For more than half the year, the Lab is also equipped with professional malware research workstations. Sponsored by Kaspersky Lab and installed and tuned by Vitaly Kamluk himself, these special workstations analyze malicious software that was spotted in frame of cybercrime investigations. Each workplace has two separate workstations: one workstation is a “regular” one: with special malware analysis software installed, another one is special. It is isolated from the Lab’s network and it is used only for one purpose: to run malware and observe its behaviour in real life conditions. As Kamluk explains, this is the only way to make sure malware demonstrates its natural behavior on a full scale. Using the sandboxing method, when the environment is emulated with virtual machines, is not always a reliable method since malware could detect the virtual environment and halt its activity.

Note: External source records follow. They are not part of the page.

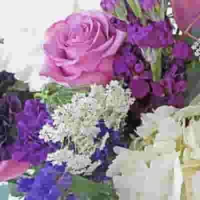 Pantone Ultra Violet Flower Pack: 25 stems of lavender roses, 10 stems of white hydrangeas, 40 stems of carnations, 20 stems of stock, 20 stems of statice, 20 stems of Queen Anne’s lace, and approx. 18-20 stems of silver dollar eucalyptus.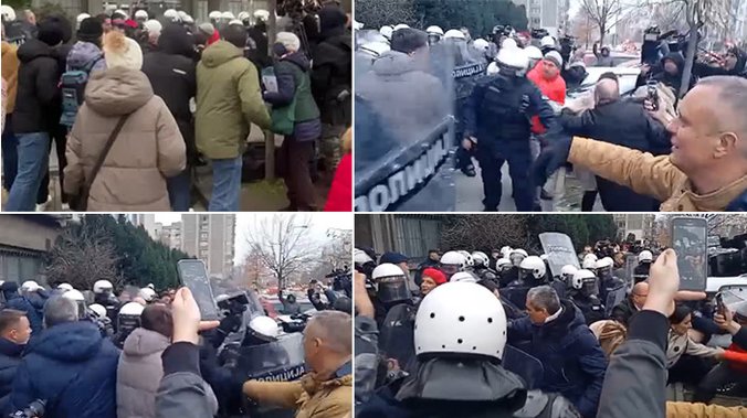 Kordon policajaca u punoj opremi stoji ispred SUP-a u Kraljevića Marka. Opozicionari su ponovo krenuli sa guranjem poicije, a među njima su se posebno istakle opozicionarke koje su kidisale na pripadnike policije kako bi upali u zgradu policijske uprave.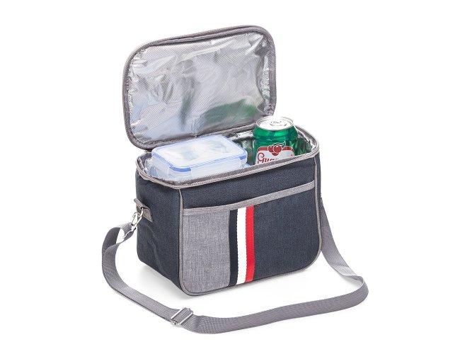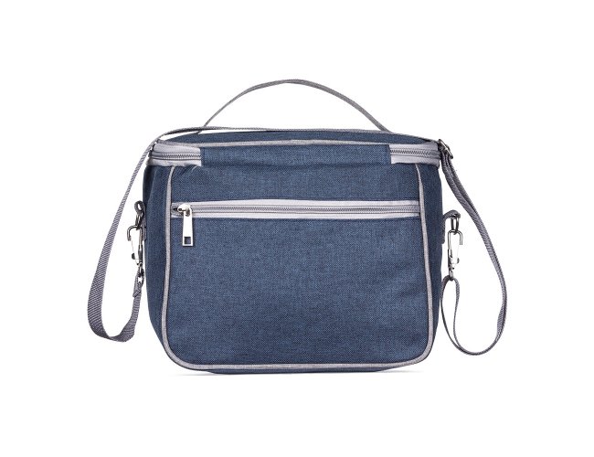 Bolsa térmica de nylon 7 litros com dois compartimentos e bolso frontal. Compartimento principal com revestimento térmico. Acompanha alça transversal.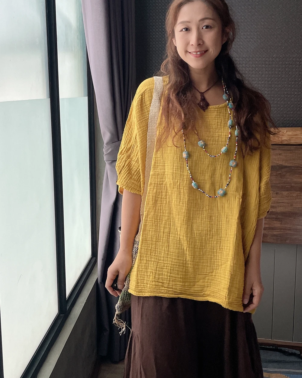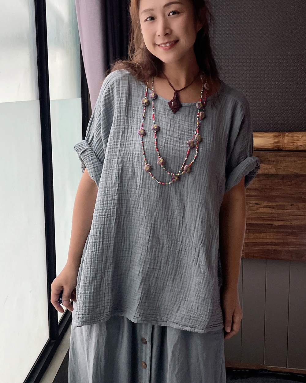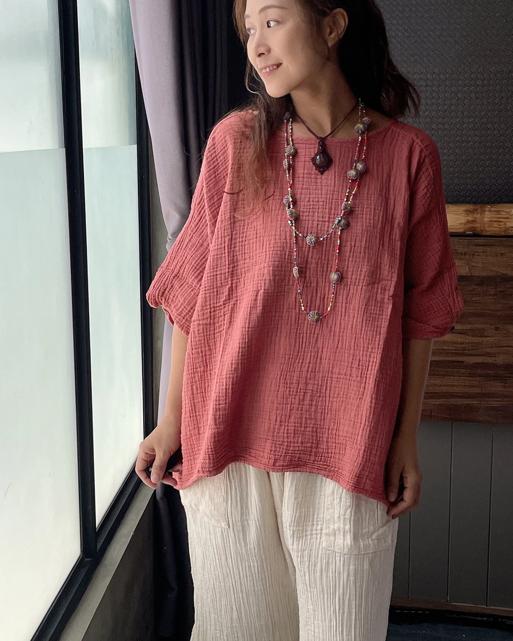 M919雙層棉紗七分袖木釦上衣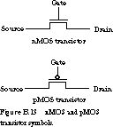 There are two fundamentally different kinds of MOS transistors, called n-channel and p-channel transistors, or nMOS and pMOS for short. Their schematic symbols are shown in Figure B.13.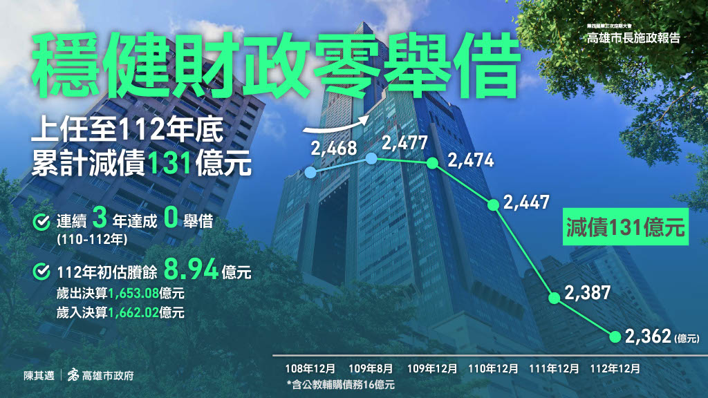 高雄市長陳其邁自109年8月上任後,從110年起已連續3年達成0舉借,受限債務已減債131億元(包含償還公教輔購基金借款16億元);另外善用自償性債務推動更多市政建設,落實財政健全。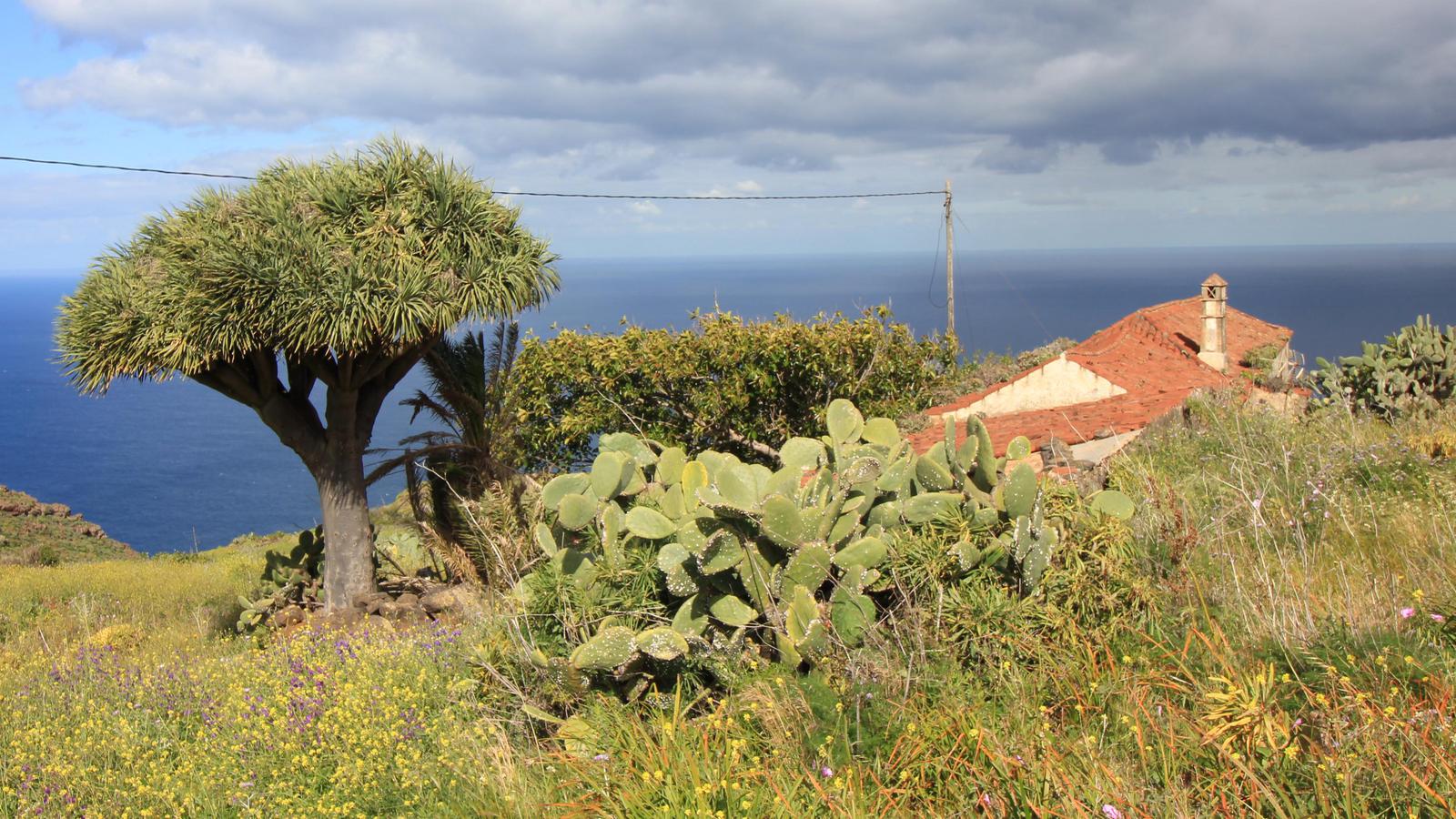 Le village de Los canarios s'étend à flanc de montagne au-dessus du San Antonio. Côté architecture, rien d'extraordinaire, mais on trouve quand même quelques vieilles maisons typiques de l'île, très basses et formées de plusieurs pièces accolées dont chacune est couverte d'une toiture à quatre pans en tuile. ici les habitants sont plus orientés vers l'agriculture et la vigne que sur l'accueil des touristes. Nous prenons une patisserie et un café et attaquons la redescente.

More and more crimes are being committed with the help of digital tools, including software built and used for malicious purposes. That’s why having malware research capacities is very important for a place like the Digital Forensics Lab in IGCI.
Meanwhile the tour ends. Clearly, not all the interesting places of IGCI were shown to guests: multiple intriguing doors locked with hi-tech biometric locks can be seen while traveling from one stop to another. However, what’s been shown is enough to understand that as with many other things, Singapore is far ahead of the rest of the world when it comes to best practices of cybercrime investigating. IGCI is all about efficient and modern ways to fight crimes on a global level. And Singapore, often called a city of the future, is the perfect place to start making the world cyber-safe.